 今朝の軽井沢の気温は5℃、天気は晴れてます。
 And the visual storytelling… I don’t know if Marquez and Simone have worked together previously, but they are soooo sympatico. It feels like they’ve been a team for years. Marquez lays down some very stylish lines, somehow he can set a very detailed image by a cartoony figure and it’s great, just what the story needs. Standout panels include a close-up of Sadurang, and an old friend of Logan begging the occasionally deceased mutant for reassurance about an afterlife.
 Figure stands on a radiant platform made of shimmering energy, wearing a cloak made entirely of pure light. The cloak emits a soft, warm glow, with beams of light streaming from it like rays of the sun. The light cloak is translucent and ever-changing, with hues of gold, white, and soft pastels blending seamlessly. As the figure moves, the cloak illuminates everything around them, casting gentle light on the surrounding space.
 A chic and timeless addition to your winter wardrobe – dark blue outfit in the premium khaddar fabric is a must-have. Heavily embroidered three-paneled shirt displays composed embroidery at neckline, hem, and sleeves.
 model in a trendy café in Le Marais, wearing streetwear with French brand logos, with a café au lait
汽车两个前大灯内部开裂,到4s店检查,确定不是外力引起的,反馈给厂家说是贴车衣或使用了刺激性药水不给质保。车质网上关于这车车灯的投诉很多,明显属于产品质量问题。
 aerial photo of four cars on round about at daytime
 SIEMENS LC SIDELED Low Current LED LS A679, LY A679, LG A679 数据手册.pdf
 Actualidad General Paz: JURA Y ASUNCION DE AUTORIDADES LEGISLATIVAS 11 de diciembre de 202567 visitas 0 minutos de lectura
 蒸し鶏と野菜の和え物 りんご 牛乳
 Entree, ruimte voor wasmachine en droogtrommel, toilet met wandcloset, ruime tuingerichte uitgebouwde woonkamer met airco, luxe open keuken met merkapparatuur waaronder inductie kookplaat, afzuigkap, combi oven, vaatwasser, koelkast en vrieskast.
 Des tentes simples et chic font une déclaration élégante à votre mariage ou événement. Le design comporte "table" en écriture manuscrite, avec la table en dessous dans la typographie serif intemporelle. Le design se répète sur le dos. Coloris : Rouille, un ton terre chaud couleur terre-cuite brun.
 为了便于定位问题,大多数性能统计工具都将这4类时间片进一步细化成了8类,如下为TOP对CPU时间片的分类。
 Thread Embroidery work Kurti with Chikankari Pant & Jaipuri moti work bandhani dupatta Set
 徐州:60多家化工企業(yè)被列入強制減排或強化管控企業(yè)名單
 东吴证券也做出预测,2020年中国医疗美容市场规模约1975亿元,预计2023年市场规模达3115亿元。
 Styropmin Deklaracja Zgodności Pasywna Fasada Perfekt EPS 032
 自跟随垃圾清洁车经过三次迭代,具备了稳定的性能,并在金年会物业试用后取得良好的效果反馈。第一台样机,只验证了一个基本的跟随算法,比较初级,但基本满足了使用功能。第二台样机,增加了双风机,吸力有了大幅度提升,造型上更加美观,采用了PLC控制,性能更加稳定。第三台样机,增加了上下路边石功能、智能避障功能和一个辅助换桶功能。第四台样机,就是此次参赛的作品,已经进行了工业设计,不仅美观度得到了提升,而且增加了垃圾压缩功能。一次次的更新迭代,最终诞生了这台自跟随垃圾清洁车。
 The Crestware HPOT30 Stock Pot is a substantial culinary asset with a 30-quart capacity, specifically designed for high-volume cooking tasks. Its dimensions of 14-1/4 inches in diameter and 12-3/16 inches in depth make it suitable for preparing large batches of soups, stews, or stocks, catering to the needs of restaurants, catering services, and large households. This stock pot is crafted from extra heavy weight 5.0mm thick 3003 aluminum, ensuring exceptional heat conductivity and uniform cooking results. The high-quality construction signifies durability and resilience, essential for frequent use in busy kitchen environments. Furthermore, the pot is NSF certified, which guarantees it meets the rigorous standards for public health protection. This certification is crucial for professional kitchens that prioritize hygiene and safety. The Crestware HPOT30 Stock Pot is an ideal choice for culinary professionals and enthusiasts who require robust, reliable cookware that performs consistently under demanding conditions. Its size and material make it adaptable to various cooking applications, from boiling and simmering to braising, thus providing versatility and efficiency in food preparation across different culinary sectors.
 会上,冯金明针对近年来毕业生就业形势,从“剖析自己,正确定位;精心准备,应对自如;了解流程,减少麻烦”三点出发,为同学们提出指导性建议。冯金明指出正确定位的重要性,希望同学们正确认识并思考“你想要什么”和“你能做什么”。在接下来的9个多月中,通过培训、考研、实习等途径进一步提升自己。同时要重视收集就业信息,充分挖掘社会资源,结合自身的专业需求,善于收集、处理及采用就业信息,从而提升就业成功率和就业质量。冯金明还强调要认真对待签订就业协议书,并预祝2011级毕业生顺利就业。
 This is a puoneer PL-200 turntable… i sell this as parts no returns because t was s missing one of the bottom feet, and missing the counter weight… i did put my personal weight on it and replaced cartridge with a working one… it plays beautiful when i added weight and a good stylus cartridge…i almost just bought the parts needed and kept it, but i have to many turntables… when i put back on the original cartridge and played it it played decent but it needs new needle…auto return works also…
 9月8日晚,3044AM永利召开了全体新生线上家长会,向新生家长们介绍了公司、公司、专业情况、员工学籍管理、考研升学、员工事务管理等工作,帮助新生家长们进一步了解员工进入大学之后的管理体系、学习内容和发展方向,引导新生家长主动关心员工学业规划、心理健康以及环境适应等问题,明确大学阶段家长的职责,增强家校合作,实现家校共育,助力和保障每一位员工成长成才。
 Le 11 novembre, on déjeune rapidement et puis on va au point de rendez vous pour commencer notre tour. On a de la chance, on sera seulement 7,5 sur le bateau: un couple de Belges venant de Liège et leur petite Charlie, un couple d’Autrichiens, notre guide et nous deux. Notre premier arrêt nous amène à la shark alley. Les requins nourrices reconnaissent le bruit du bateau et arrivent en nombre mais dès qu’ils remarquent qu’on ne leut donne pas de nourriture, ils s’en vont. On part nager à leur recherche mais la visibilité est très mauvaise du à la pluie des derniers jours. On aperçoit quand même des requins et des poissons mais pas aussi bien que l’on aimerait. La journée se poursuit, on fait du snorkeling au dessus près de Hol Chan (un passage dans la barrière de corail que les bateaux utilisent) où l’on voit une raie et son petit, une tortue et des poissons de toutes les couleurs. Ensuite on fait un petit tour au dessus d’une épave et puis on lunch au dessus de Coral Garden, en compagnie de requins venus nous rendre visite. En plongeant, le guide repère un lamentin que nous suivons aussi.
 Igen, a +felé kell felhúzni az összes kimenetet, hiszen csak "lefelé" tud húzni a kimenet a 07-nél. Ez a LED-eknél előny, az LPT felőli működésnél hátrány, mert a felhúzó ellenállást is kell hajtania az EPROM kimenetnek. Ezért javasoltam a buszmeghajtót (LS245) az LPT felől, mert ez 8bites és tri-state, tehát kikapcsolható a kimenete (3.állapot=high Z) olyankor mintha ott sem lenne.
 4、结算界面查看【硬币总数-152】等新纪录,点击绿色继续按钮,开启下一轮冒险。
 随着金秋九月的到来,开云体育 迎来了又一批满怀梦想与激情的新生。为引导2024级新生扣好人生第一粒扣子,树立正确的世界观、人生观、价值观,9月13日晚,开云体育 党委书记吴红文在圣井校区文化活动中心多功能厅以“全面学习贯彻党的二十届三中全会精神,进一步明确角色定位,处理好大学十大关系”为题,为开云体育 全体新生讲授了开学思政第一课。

What to work on
Go through the data and show every line where "chic" occurs.

Task response
 A chic and timeless addition to your winter wardrobe – dark blue outfit in the premium khaddar fabric is a must-have. Heavily embroidered three-paneled shirt displays composed embroidery at neckline, hem, and sleeves.
 Des tentes simples et chic font une déclaration élégante à votre mariage ou événement. Le design comporte "table" en écriture manuscrite, avec la table en dessous dans la typographie serif intemporelle. Le design se répète sur le dos. Coloris : Rouille, un ton terre chaud couleur terre-cuite brun.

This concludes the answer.